Pawlenty signs $1 billion bonding bill

Quadriga
The Quadriga is the gilded sculpture of four horses, a chariot and three human figures that crowns the main entrance to the Capitol.
MPR Photo/Marianne Combs

(AP) - Construction crews, start your engines.

Gov. Tim Pawlenty on Thursday signed a $999.9 million public works bill into law, giving the thumbs-up to projects ranging from new university buildings to local bridge repairs.

Projects in line for funds include the Northstar Commuter rail line, an expanded sex offender lockup in Moose Lake, a bigger Faribault prison, a medical bioscience building at the University of Minnesota and expanded science facilities at Minnesota State University Mankato.

Pawlenty signed the bill at the University of Minnesota's Carlson School of Management, which will get $26.6 million for an expansion. He highlighted the bill's spending on college and university buildings, which added up to $307 million.

"The bonding bill was reflective of the overall session - it was completed on time and with bipartisan cooperation," the Republican governor said in a prepared statement.

He signed the bill a second time at a park-and-ride facility in Elk River - site of a future Northstar stop. The bonding bill sends $60 million to the $307 million transit line from Big Lake to Minneapolis, in what Pawlenty said would be the final state payment.

Last year's bonding bill funneled $37.5 million to the project.
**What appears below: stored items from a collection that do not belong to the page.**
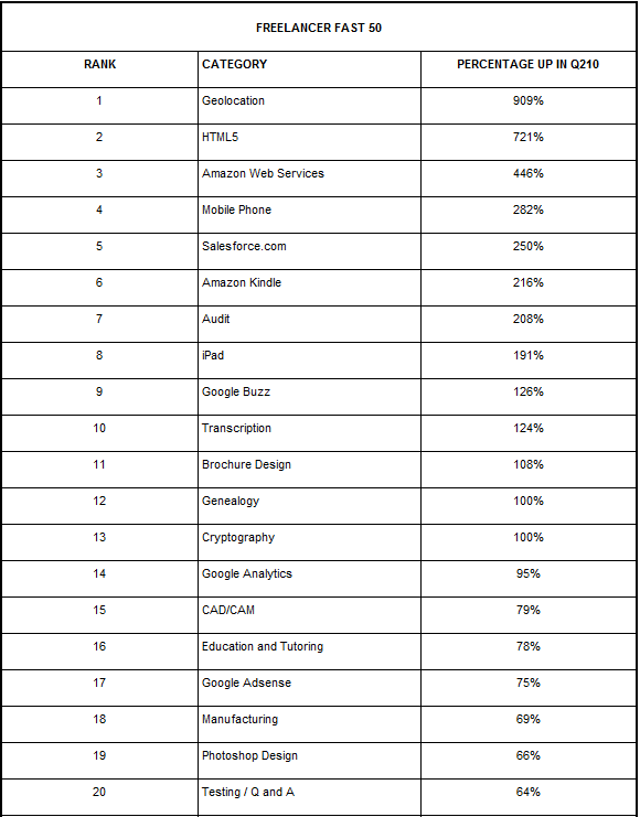 Freelancer.com spotted a whopping 909% increase in geolocation jobs online. As a result of what the company dubs the ‘Apple effect’, Freelancer.com also saw a significant 721% boost in HTML5 jobs.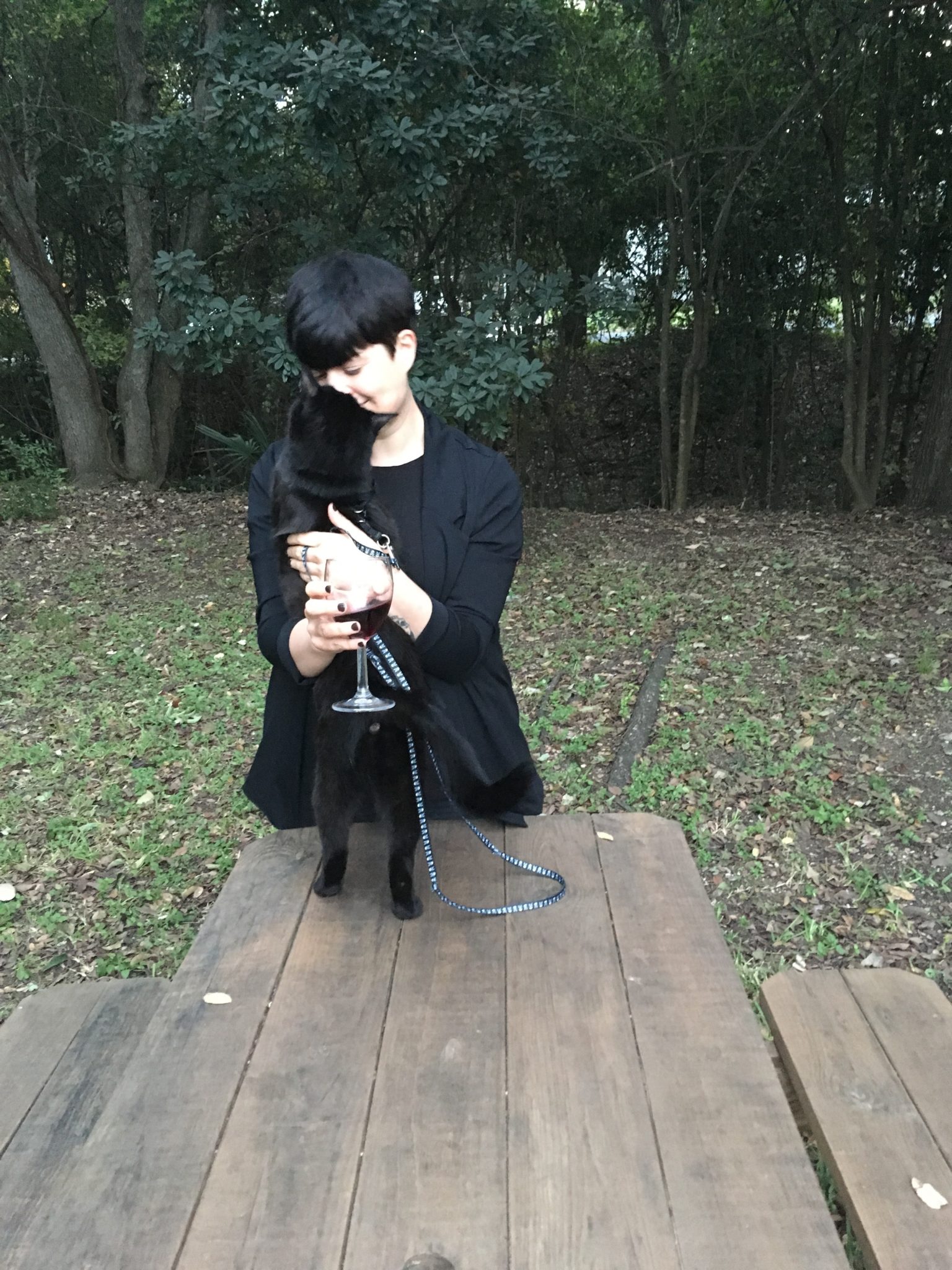 “Typically we just walk around the perimeter of our house,” Klacko says. “Figaro’s leash and harness hang by our back door and he waits by it every morning. He likes to sit on the picnic table with me and sniff grass and trees. If he’s feeling particularly energetic, we’ll jog around the house. His walks and leisure time outside are anywhere between 5 minutes and 45 minutes.”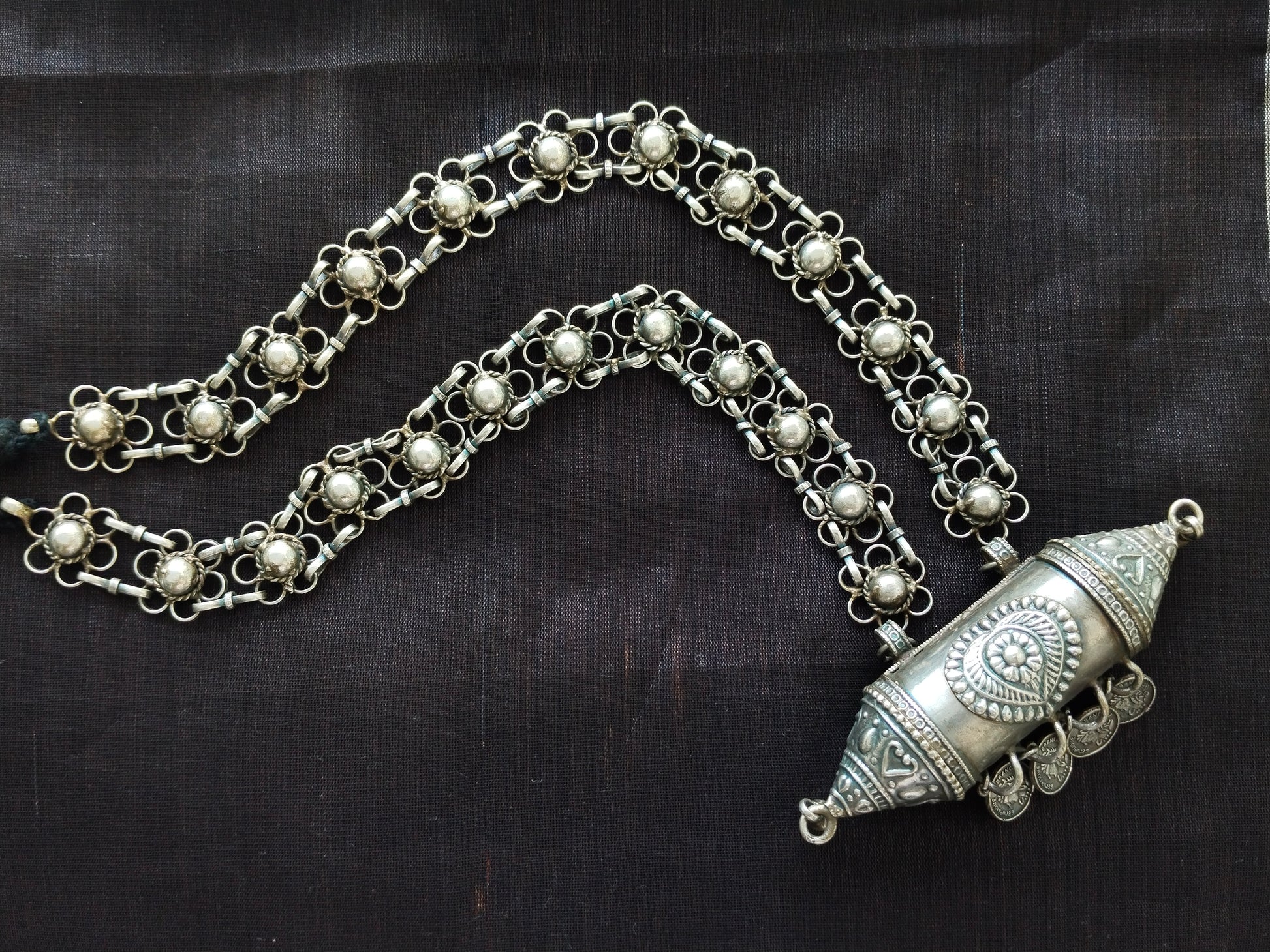 Our long beaded antique brass necklace, adorned with coin charms and intricate images, is a true work of art.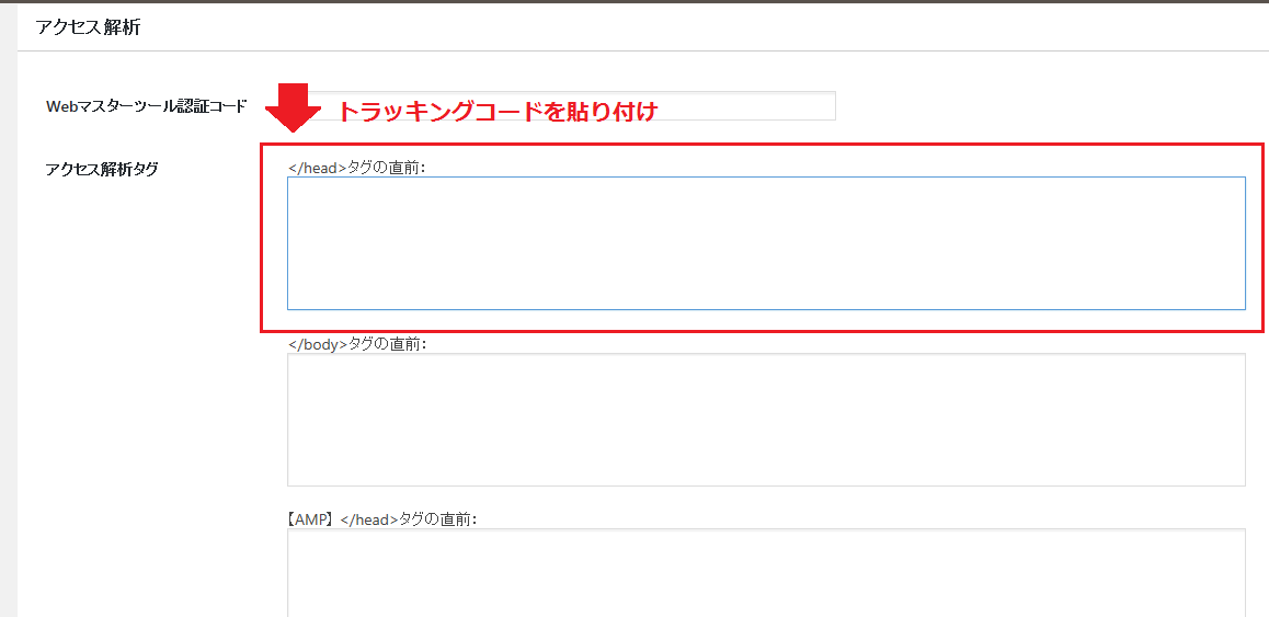 テーマの編集画面からトラッキングコードを挿入して設置する方法
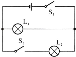3. 某同学按图接好电路,闭合开关S₁、S₂后发现,灯L₁亮,灯L₂却不亮。下列情况中不可能的是 ( )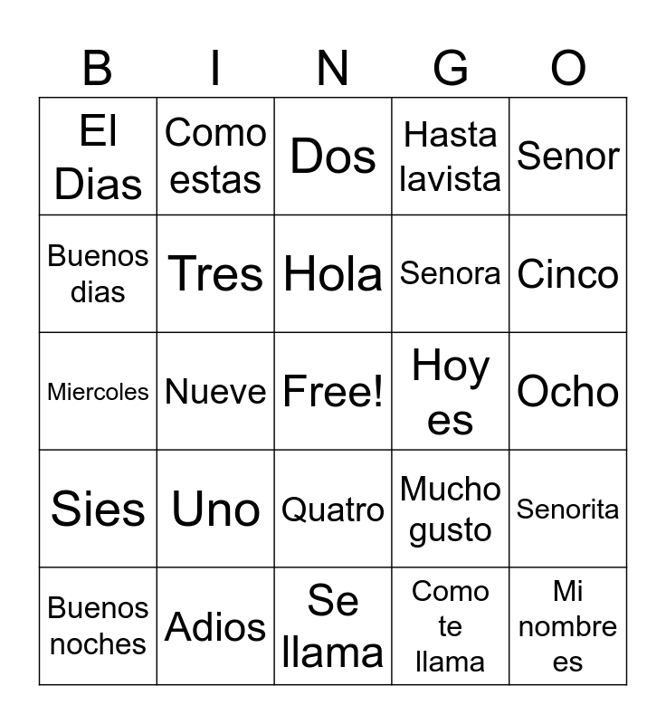 This bingo card has a free space and 24 words: Uno, Adios, Hola, Buenos noches, Senor, El Dias, Buenos dias, Como estas, Hoy es, Quatro, Senora, Miercoles, Mucho gusto, Senorita, Tres, Como te llama, Ocho, Dos, Cinco, Nueve, Mi nombre es, Sies, Hasta lavista and Se llama.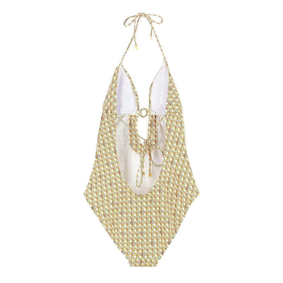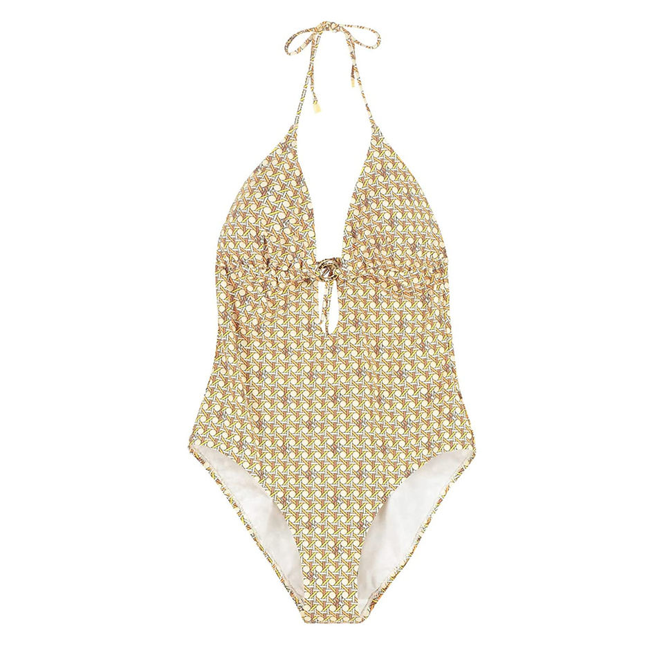 ชุดว่ายน้ำแทนกินี่ของผู้หญิงแบบพรีเมียมผ้าแห้งเร็วเป็นมิตรกับสิ่งแวดล้อมโลโก้ด้านหน้าขอบล่างสูงสำหรับคอลเลกชันบีชรีสอร์ท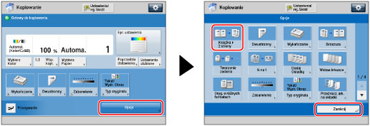 Aby wykonywać dwustronne kopie książek lub zszytych oryginałów, należy skorzystać z funkcji tryb Książka

The Northstar line is projected to start operating in 2009, serving some 5,600 commuters.

The bonding bill also contains money for water projects, parks and trails, housing for the homeless, infrastructure for a steel plant in Itasca County, a bioscience center in Rochester and event centers in Marshall and Bemidji.

The state borrows money to pay for the projects, backing most of the loans with its general fund taxes.